In our experience, a time and place for opioid analgesics exist in the treatment of injury-related pain. For post-surgical pain and acute injuries, such as fractures and crush injuries, the initial pain may not be controllable with non-opioid analgesics. It is during this early phase of the injury that short-acting opioid analgesics, such as hydrocodone and oxycodone, may be medically necessary and should be an available treatment option, if appropriate for the claimant and in accordance with prescribing and/or treatment guidelines. However, it is also during this timeframe, after the acute pain intensity decreases, that the plan for ongoing pain management should be developed and discussed with the claimant. When doing so, a straightforward approach is often the most effective.
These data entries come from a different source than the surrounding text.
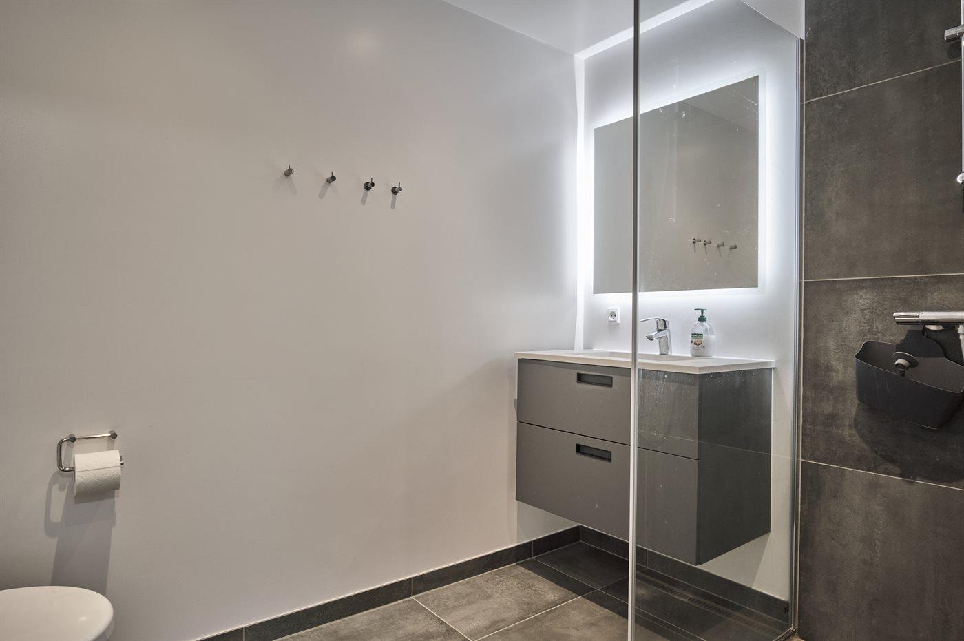 Der er 2 badeværelser med bruseniche og 2 toiletter. Der er gulvvarme på 2 badeværelser.
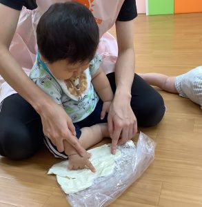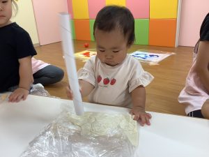 絵の具や小麦粉粘土の感触遊びをしました。
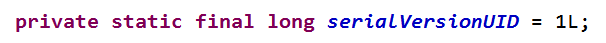 3.「生成シリアルバージョンIDの追加」をクリックすると以下の一文が自動で生成されます。(privateからシリアルバージョンUID(serialVersionUID=XXX;)まで)
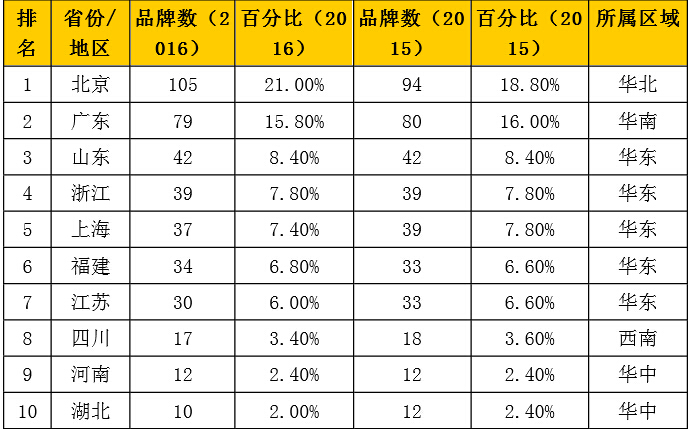 2016年《中國(guó)500最具價(jià)值品牌》區(qū)域分布(前10名省市)
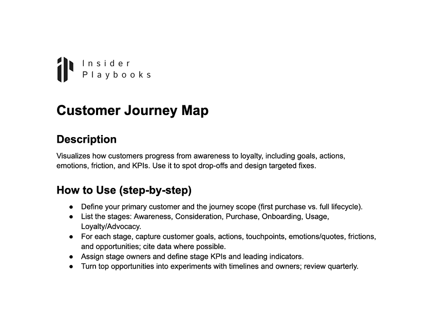 Visualizes how customers progress from awareness to loyalty, including goals, actions, emotions, friction, and KPIs. Use it to spot drop-offs and design targeted fixes.
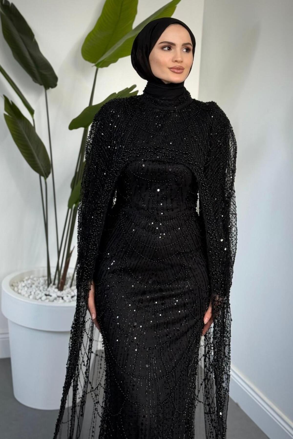 Ardina Pelerinli Boncuk İşlemeli Balık Abiye Siyah Ardina Pelerinli Boncuk İşlemeli Balık Abiye Siyah 5304 44
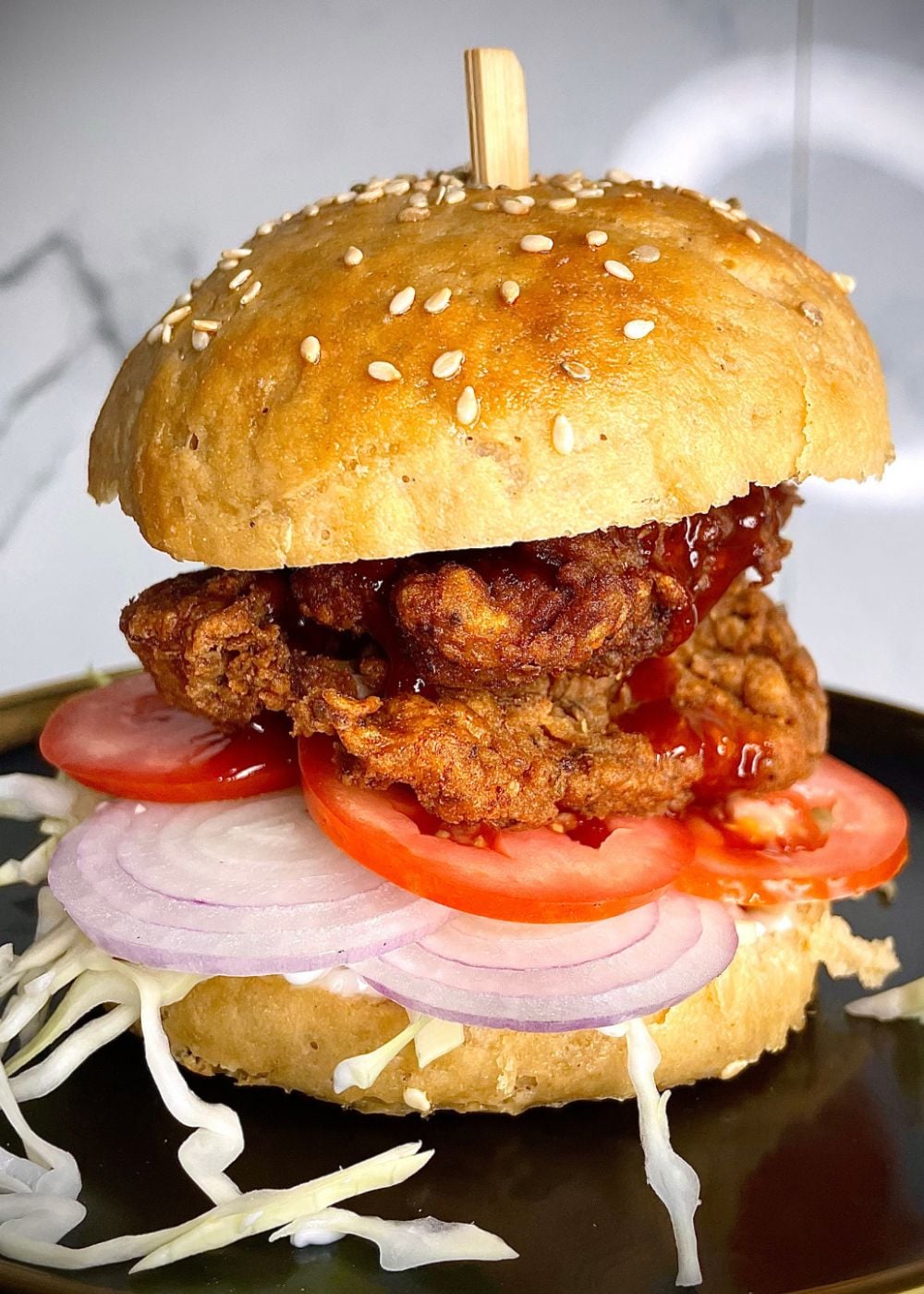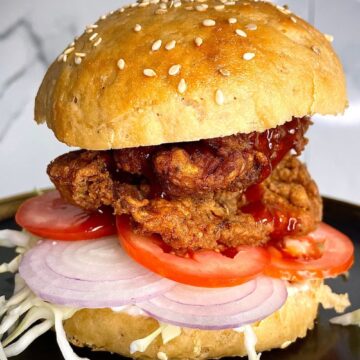 Delicious and juicy fried chicken burger which is not only tasty but is super easy to make. This burger makes a great lunch or dinner. Super delicious spicy burger which is perfect to pack in lunch box or taste amazing for dinner too.
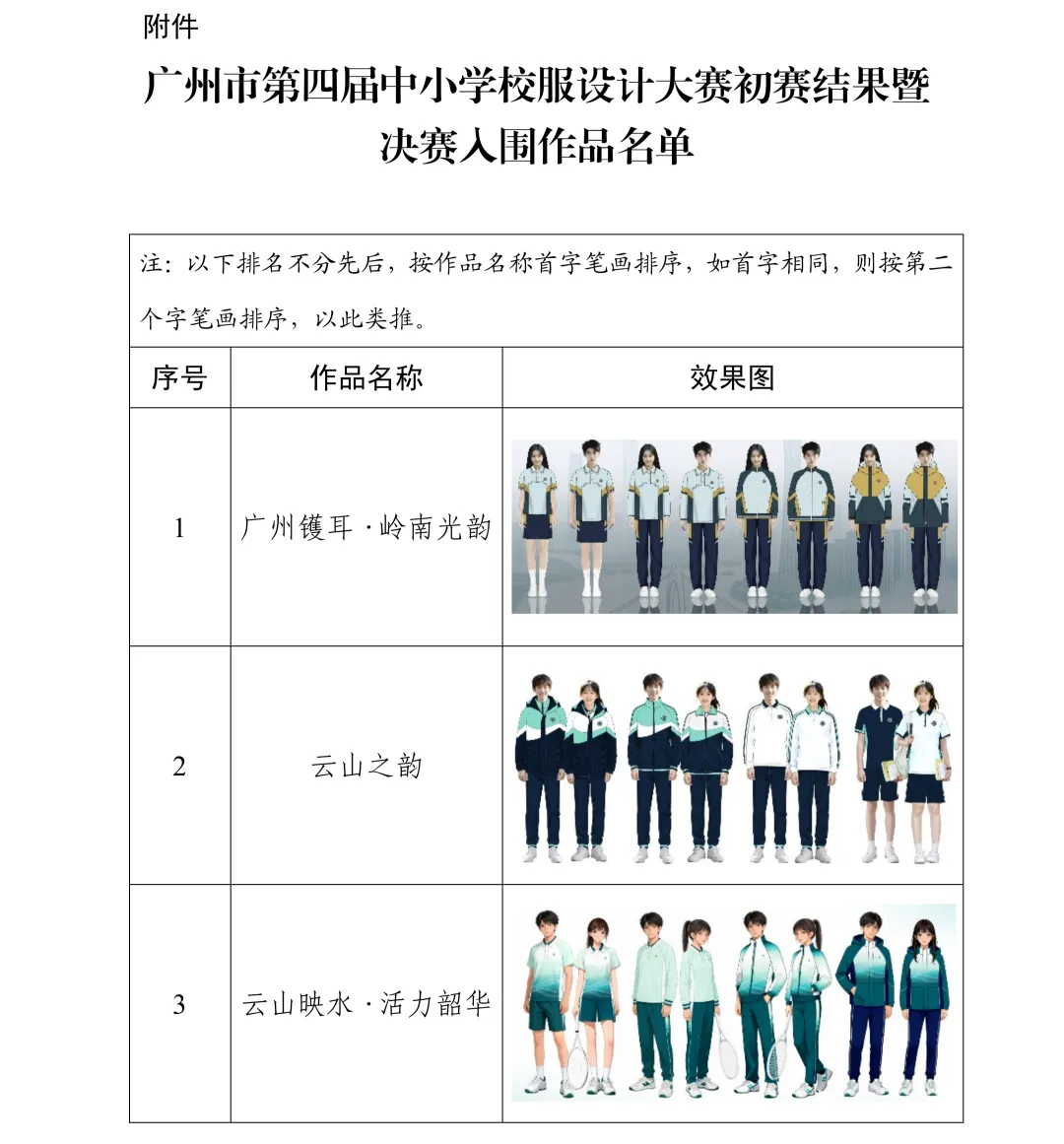 广州市第四届中小学校服设计大赛初赛结果暨决赛入围作品名单已经公布!
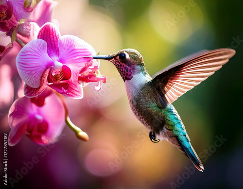 © Jakob, Obraz premium A hummingbird is perched on a pink flower. The bird is drinking nectar from the flower
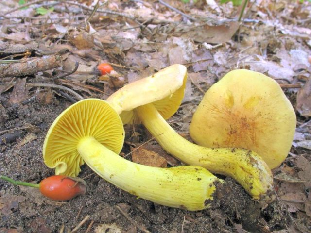 - Rudern schwefelgelb... Diese Art zeichnet sich durch eine giftige gelbe Farbe der Kappe und der Beine aus. Die Oberfläche des Fruchtkörpers hat eine samtige Textur. Das Bein ist dünn. Das Fruchtfleisch ist auch schwefelfarben mit einem stechenden Acetylengeruch.
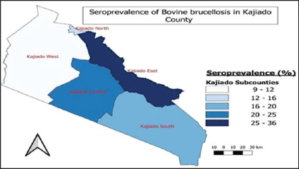 Fig. 7. Sub-county distribution of bovine brucellosis in sub-counties of Kajiado County. The animal-level seroprevalence (6.91%; n=782) found in this study is significantly lower than that previously reported for the same area (21.91%; n=209) (Nakeel et al., 2016) (p < 0.05). It is also lower than for Narok County and Baringo Counties (Enström et al., 2017; Nthiwa et al., 2019; Lokamar et al., 2022). It is, however, comparable to that reported for Marsabit County, (Osoro et al., 2015). The animal-level seroprevalence was also within the range of 0.2–43.8 reported for the East African region (Djangwani et al., 2021; Warioba et al., 2023). The similarity in animal-level seroprevalence results between countries within the East African region could be attributed to similarities in traditional grazing practices as most regions from which studies have been conducted happen to be in pastoral areas, where different animal species are mixed, and grazing pastures and watering points are shared. Globally, the prevalence detected in this study was lower than for Nigeria, Ethiopia, and Angola, respectively (Mufinda et al., 2015; Ogugua et al., 2018; Akinyemi et al., 2021; Tschopp et al., 2021). The variations in results observed in different studies may probably be attributed to several factors such as the epidemiological situation, sampling techniques, sample sizes, different diagnostic tests used, and interpretations of results. Bovine seroprevalence (18.35%) found in this study is comparable to that previously reported in one study in the same county (Nakeel et al., 2016), and also Baringo County (Lokamar et al., 2022). It was significantly higher (p < 0.05) than for Marsabit and Kiambu counties, respectively (Osoro et al., 2015) (p < 0.05), but was lower than for the Maasai Mara area in Narok County (Nthiwa et al., 2019). Bovine seroprevalence in this study was also significantly higher (p < 0.05) than the range (0%–13%) reported for the East African region and Nigeria (Akinyemi et al., 2021; Djangwani et al., 2021). It was, however, much lower than for South Sudan (Madut et al., 2018).
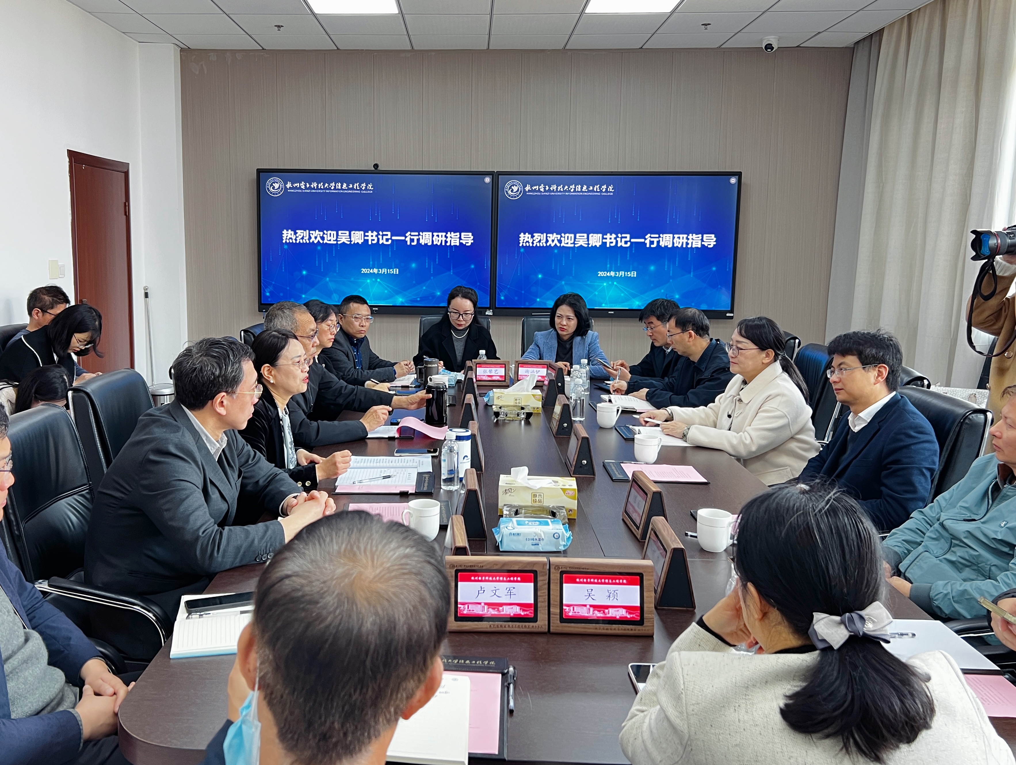 3月15日,校党委书记吴卿、党委副书记钱波以及相关职能部门负责人一行赴信息工程学院青山湖校区调研指导,并与信息工程学院党委书记王艳、院长管力明等学院领导班子成员以及相关职能部门负责人进行了座谈。

For instance, the prescriber may state the following… “this (opioid) medication will help control your pain over the next several days but it is not intended to be used on a long-term basis for this type of injury. Over the next couple of days, the amount of this medication being taken should be decreased and I am going to provide you with instructions on how to do this. At the same time, it is important to bring your pain under sufficient control while keeping you moving and active as your body starts to heal.”

Based on the individual claimant’s injury and specific circumstances, an expected date for discontinuing opioid analgesics should also be established before the first opioid prescription is filled. Furthermore, as with all medical treatments (pharmacologic and nonpharmacologic), the benefits of treatment need to outweigh the risks and the claimant should demonstrate understanding of those benefits and risks. While situations and complications may arise requiring a longer duration of pain management, additional non-opioid analgesic treatment measures should be incorporated, such as adjuvant pain medications, psychological evaluation and physical medicine treatments.

Opioid analgesics are not generally recommended for the ongoing (chronic) treatment of injury-related pain as they are often associated with increasing side effects, tolerance, drug-drug interactions, as well as the potential for abuse, misuse and addiction. However, for those claimants with chronic pain who are demonstrating a safe and compliant use of their opioid analgesic medications, along with well-documented and objective improvements in their level of function, the ongoing use of opioid analgesics at the minimally required dosage may not be, by itself, inappropriate. In fact, the early discontinuation of opioid analgesics in claimants with genuine pain symptoms can place some claimants at increased risks from the excessive use of other non-opioid analgesics, such acetaminophen and nonsteroidal anti-inflammatories. Therefore, a holistic view of the claimant’s current condition and risks to help make better decisions for their continued pain control and quality of life is essential.